Record extracts:
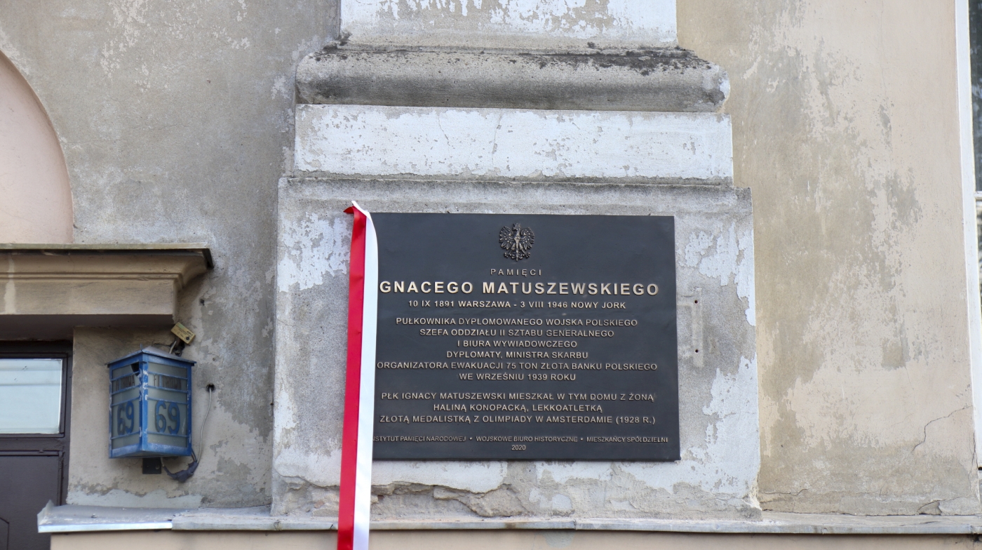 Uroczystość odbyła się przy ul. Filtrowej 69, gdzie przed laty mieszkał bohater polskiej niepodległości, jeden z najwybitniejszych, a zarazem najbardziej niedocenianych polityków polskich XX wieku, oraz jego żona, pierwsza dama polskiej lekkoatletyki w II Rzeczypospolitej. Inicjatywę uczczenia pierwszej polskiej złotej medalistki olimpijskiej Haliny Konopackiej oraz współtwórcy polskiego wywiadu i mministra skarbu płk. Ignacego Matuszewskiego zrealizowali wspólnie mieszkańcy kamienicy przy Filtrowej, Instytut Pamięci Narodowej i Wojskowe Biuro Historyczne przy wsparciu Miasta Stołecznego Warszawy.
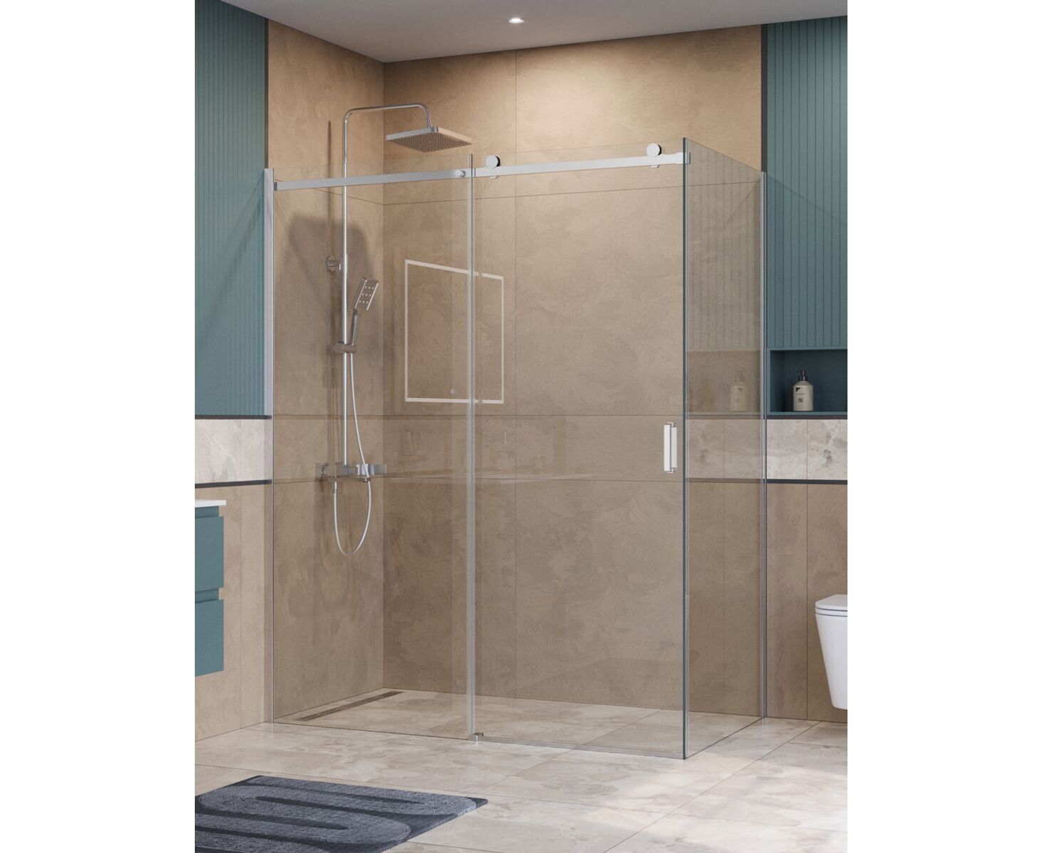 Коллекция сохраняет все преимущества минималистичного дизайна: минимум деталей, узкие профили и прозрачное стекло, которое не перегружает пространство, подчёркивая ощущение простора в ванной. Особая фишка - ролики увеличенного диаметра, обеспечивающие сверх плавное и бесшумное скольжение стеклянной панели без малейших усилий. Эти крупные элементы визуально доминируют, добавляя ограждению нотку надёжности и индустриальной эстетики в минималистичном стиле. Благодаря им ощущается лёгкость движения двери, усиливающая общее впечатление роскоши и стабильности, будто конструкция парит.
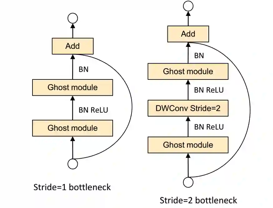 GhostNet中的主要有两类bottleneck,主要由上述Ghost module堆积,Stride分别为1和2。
--
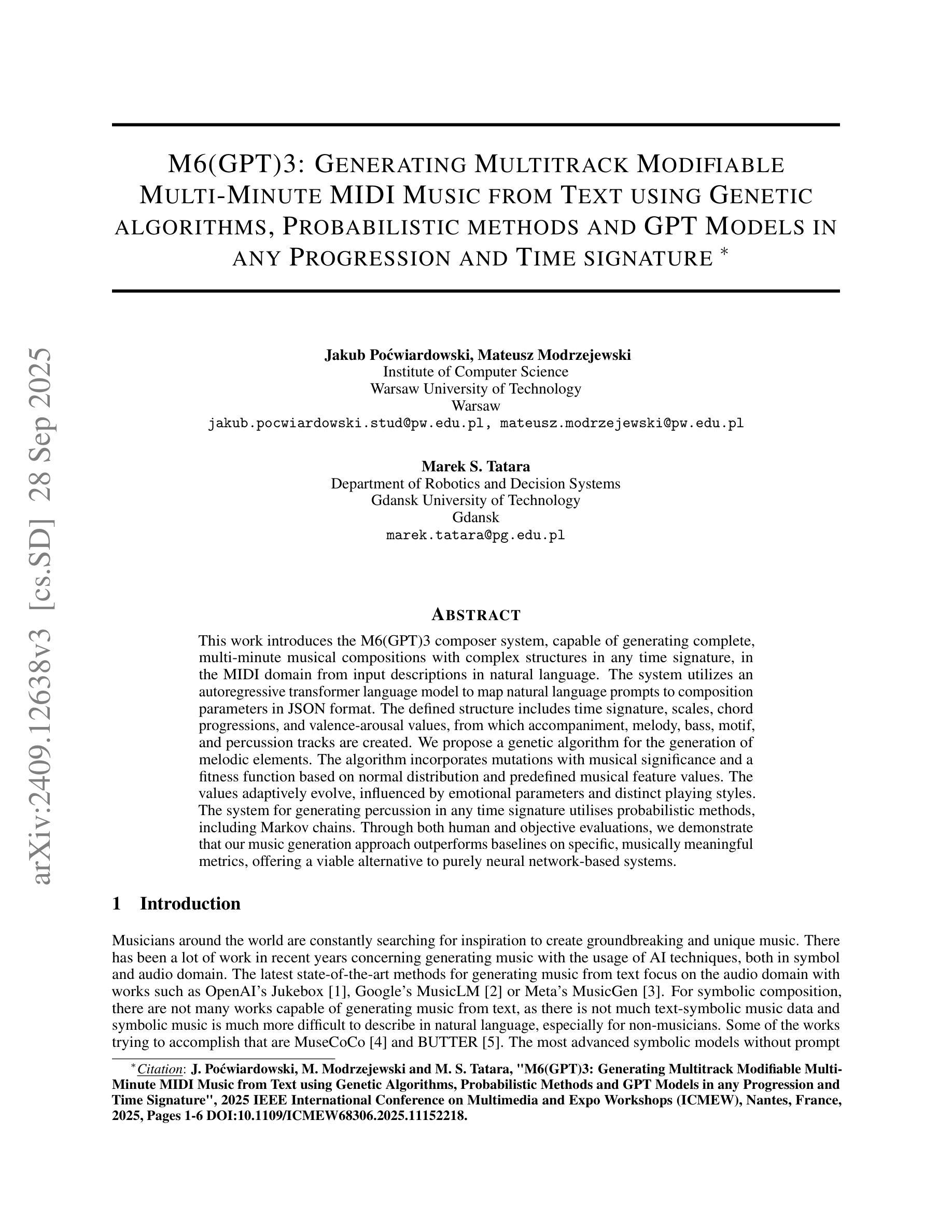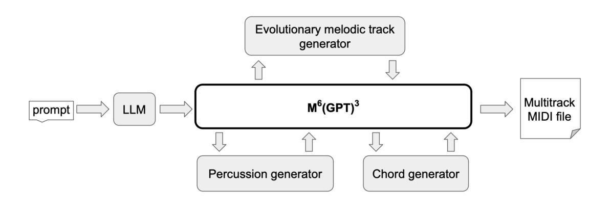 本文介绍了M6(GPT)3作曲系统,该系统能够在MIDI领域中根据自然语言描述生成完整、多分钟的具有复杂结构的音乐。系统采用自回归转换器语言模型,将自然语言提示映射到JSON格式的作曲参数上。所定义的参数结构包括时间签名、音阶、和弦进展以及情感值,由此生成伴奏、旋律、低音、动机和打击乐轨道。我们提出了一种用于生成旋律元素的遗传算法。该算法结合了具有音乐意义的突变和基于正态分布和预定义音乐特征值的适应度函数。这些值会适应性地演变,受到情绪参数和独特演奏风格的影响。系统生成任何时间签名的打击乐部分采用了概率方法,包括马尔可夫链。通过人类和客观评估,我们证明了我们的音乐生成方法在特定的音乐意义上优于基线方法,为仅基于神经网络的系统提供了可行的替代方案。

Requirement:
Extract the part of the records that opens with the line containing "Uroczystość odbyła się" and closes with the line containing "GhostNet中的主要有两". Take only those lines, exactly, and no pictures.

Expected answer:
 Uroczystość odbyła się przy ul. Filtrowej 69, gdzie przed laty mieszkał bohater polskiej niepodległości, jeden z najwybitniejszych, a zarazem najbardziej niedocenianych polityków polskich XX wieku, oraz jego żona, pierwsza dama polskiej lekkoatletyki w II Rzeczypospolitej. Inicjatywę uczczenia pierwszej polskiej złotej medalistki olimpijskiej Haliny Konopackiej oraz współtwórcy polskiego wywiadu i mministra skarbu płk. Ignacego Matuszewskiego zrealizowali wspólnie mieszkańcy kamienicy przy Filtrowej, Instytut Pamięci Narodowej i Wojskowe Biuro Historyczne przy wsparciu Miasta Stołecznego Warszawy.
 Коллекция сохраняет все преимущества минималистичного дизайна: минимум деталей, узкие профили и прозрачное стекло, которое не перегружает пространство, подчёркивая ощущение простора в ванной. Особая фишка - ролики увеличенного диаметра, обеспечивающие сверх плавное и бесшумное скольжение стеклянной панели без малейших усилий. Эти крупные элементы визуально доминируют, добавляя ограждению нотку надёжности и индустриальной эстетики в минималистичном стиле. Благодаря им ощущается лёгкость движения двери, усиливающая общее впечатление роскоши и стабильности, будто конструкция парит.
 GhostNet中的主要有两类bottleneck,主要由上述Ghost module堆积,Stride分别为1和2。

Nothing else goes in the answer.